Records shown START
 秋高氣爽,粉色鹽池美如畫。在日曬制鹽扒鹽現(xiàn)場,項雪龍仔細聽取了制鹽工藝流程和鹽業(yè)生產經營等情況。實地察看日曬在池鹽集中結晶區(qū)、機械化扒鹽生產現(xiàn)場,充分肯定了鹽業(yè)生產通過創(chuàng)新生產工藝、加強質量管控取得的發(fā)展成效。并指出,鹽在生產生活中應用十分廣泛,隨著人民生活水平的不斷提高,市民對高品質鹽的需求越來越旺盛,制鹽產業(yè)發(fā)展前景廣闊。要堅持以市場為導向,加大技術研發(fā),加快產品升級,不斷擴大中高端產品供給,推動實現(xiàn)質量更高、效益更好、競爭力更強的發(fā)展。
Records shown END
Records shown START
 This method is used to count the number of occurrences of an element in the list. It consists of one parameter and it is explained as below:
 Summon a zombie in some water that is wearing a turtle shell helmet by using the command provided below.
Records shown END
Records shown START
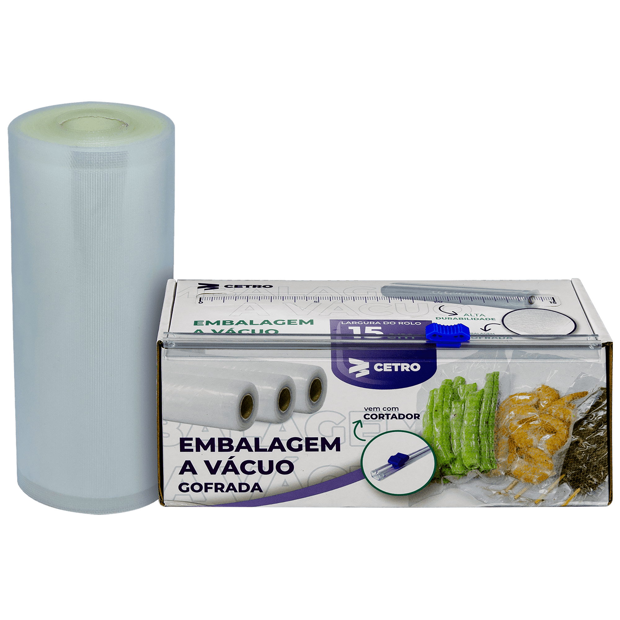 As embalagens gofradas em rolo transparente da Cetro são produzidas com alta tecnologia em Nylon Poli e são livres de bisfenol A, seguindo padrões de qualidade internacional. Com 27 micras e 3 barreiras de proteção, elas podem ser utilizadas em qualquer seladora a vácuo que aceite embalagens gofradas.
Records shown END
## [Work task]
Above are the records; repeat exactly the lines from the one holding "This method is" down to the one holding "Summon a zombie", end lines included.

## [Task solution]
 This method is used to count the number of occurrences of an element in the list. It consists of one parameter and it is explained as below:
 Summon a zombie in some water that is wearing a turtle shell helmet by using the command provided below.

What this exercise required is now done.